▶ **EXERCISE OBJECTIVE**
Retype every line of the data below, starting with the first and ending with the line that contains "A FOUR TIER", but leave out the pictures.

▶ **SUPPLIED INFORMATION**
■ ■ ■ ■ ■ ■ ■
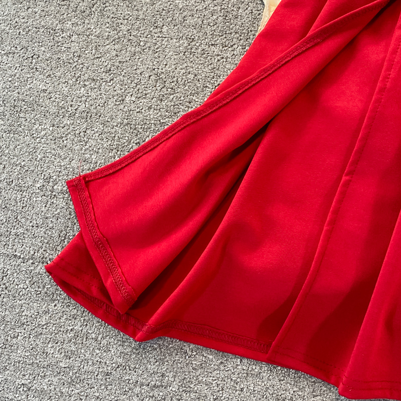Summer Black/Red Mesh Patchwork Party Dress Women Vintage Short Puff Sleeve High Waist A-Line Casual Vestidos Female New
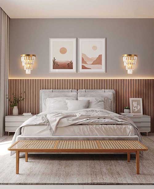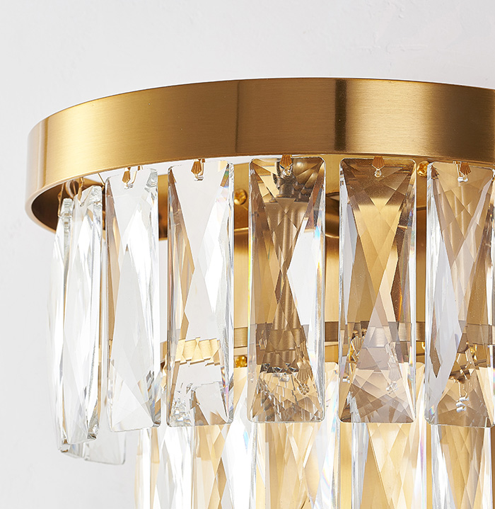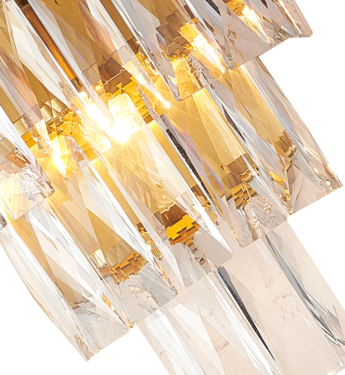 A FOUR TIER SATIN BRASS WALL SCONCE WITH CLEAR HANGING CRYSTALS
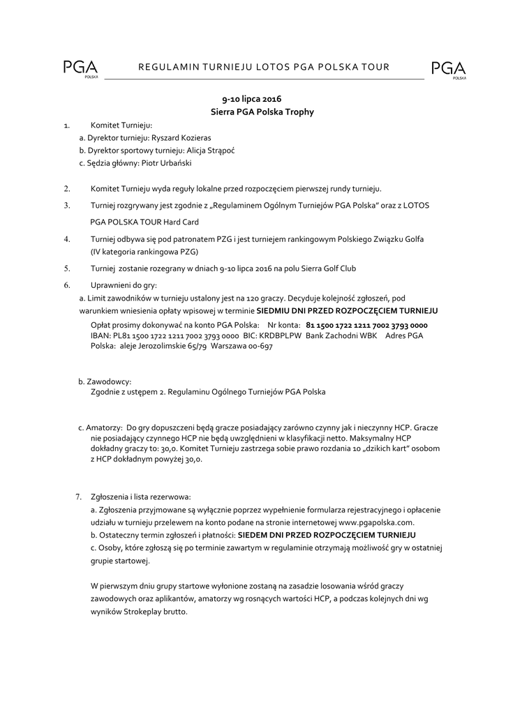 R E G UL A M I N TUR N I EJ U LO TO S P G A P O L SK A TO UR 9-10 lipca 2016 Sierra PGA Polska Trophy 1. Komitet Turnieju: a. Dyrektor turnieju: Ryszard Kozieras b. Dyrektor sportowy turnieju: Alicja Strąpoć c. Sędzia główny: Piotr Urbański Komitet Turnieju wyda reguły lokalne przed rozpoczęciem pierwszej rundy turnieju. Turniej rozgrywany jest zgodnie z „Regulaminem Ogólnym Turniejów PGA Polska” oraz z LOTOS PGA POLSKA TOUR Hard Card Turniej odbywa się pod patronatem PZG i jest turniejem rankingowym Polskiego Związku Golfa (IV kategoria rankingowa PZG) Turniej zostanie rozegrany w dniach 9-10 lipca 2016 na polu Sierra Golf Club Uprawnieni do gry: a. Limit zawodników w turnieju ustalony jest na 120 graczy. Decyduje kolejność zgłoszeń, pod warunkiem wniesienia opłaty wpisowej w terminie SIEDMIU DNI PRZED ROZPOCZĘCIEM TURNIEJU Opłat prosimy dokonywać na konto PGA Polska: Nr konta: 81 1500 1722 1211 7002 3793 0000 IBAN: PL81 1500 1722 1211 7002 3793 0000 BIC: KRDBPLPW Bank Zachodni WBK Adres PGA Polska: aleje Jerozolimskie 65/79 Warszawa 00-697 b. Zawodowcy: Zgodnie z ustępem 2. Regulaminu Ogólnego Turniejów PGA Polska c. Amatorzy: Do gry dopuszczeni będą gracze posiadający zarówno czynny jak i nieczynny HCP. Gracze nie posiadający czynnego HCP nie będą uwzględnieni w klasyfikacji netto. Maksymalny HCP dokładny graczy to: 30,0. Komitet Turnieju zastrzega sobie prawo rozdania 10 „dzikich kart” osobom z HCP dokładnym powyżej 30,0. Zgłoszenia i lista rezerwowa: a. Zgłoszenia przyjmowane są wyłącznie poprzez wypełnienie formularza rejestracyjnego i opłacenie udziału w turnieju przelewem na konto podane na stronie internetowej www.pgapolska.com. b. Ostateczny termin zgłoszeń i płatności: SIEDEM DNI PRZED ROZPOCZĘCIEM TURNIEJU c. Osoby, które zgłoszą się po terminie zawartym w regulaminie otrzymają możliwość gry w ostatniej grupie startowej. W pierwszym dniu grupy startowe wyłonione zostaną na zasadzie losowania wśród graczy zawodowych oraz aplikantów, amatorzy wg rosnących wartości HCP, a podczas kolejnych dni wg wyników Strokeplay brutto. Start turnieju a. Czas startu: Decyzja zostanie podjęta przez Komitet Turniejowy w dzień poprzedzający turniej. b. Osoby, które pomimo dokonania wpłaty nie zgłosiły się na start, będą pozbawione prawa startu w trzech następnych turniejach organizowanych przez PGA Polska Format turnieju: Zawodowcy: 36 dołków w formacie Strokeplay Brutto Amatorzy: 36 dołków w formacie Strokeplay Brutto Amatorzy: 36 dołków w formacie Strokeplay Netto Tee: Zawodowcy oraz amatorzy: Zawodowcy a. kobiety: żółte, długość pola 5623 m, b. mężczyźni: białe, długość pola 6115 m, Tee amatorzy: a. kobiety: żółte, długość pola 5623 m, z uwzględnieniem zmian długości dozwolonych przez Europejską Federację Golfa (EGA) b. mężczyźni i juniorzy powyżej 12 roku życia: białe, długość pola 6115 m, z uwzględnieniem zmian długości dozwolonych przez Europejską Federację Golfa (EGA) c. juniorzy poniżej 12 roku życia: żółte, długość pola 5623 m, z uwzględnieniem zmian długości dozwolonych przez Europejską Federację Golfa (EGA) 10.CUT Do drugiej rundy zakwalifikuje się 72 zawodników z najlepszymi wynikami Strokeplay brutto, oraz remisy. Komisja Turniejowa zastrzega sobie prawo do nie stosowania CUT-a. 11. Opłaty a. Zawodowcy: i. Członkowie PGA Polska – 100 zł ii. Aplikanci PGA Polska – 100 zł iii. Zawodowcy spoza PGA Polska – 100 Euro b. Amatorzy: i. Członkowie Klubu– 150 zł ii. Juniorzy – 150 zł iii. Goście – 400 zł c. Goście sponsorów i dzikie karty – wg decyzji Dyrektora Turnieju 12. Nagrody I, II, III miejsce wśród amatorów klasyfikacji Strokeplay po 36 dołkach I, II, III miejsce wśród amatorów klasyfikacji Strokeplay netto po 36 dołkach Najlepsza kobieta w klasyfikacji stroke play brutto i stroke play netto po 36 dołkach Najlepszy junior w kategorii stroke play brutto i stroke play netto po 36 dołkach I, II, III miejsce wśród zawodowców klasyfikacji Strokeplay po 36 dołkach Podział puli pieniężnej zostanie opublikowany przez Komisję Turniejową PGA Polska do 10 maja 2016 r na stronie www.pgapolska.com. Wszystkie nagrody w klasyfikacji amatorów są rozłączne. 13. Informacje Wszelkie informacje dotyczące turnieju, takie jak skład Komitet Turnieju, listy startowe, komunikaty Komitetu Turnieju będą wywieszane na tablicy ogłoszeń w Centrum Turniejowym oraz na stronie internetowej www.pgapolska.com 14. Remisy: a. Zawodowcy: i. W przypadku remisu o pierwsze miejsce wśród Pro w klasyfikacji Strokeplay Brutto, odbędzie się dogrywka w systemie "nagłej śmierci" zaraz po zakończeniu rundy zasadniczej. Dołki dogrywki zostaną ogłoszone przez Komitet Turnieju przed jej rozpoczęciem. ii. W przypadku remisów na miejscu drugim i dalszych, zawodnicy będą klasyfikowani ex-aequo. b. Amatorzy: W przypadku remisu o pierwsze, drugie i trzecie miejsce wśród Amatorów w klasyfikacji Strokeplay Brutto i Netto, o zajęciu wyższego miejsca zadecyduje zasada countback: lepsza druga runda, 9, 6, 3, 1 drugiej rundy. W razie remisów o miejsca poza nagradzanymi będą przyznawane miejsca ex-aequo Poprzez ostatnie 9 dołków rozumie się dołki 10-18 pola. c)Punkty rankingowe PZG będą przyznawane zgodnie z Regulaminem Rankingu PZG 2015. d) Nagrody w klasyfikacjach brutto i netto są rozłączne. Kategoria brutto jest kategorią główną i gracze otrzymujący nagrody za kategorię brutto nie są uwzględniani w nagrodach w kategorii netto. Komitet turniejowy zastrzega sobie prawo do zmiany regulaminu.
■ ■ ■ ■ ■ ■ ■
▶ **THE COMPLETED TASK**
Summer Black/Red Mesh Patchwork Party Dress Women Vintage Short Puff Sleeve High Waist A-Line Casual Vestidos Female New
 A FOUR TIER SATIN BRASS WALL SCONCE WITH CLEAR HANGING CRYSTALS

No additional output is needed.